I will be honest i am not a great Classical Music lover my self but my father in law loves it. I am looking to buy him a CD as part of his Birthday Present and i am looking for a particular album. I have no idea what its called but i know all the tracks mix into one another and it seemed to be a little more up beat than normal (sampled). I am also told that it is all played on electric instruments and that the front cover of the album has a robotic orchestra with electric instruments.

I know this is not a lot to go on but your help is most appreiciated.

Richard


----------



## Methodistgirl (Apr 3, 2008)

I think you are asking about Animusic or something like that.

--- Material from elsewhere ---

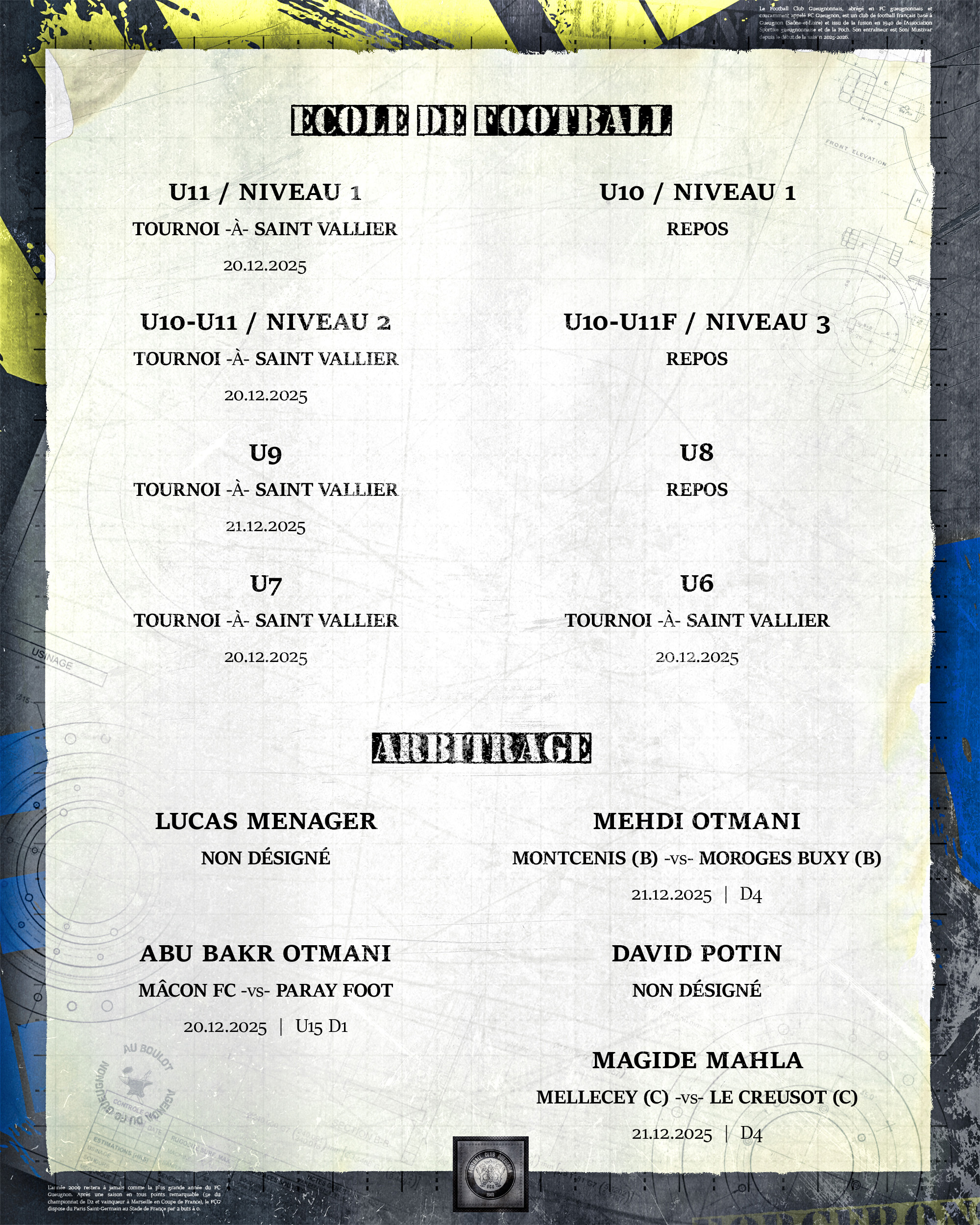 [Agenda] Weekend du 20 et 21 Décembre 2025 17 décembre 2025 Catégories News, News 2025/2026 #ForgeronFamily PLUS D'ACTUALITÉS... 17 décembre 2025[Agenda] Weekend du 20 et 21 Décembre 2025Lire 15 décembre 2025[Agenda] Résultats du weekend du 13 et 14 Décembre 2025Lire 15 décembre 2025[R1 J10 : FR St Marcel 71 – FC Gueugnon] Flash ScoreLire 12 décembre 2025[R1 J10 : FR St Marcel 71 – FC Gueugnon] Pour passer l’hiver au chaudLireA LA UNE 1

You would have
to get videos of it instead of just a cd. I watched it on the net the other night.
It was amazing what this guy did to program such a video. It's very different
with a classical theme. All I can say is try it.
judy tooley


----------



## Rondo (Jul 11, 2007)

I remember an old cassette tape that was given to me over a decade ago that was like what you just described. It may be hard to find now, but the name of it was _Hooked on Classics._ It plays medleys of classical tunes, all using electronic instruments and a steady drum beat (that always seemed to bug the bejeebs out of me).


----------



## Yourmum90 (Apr 13, 2008)

Hello thank you for your speedy replies, i have managed to find the Hooked On Classics CD's i think there is 5 of them. Not to sure on the video theroy but i have heard this music on a tape somewhere. I think this CD has mainly Beethoven, 4 seasons and Bach i appologise now if they are spelt incorrectly. Dam shame this CD is not easy to get hold of, i thought the front cover descripton may raise some more feedback but i guess its rare


----------



## Rondo (Jul 11, 2007)

I'm surprised you were able to find them on Compact Disc.


----------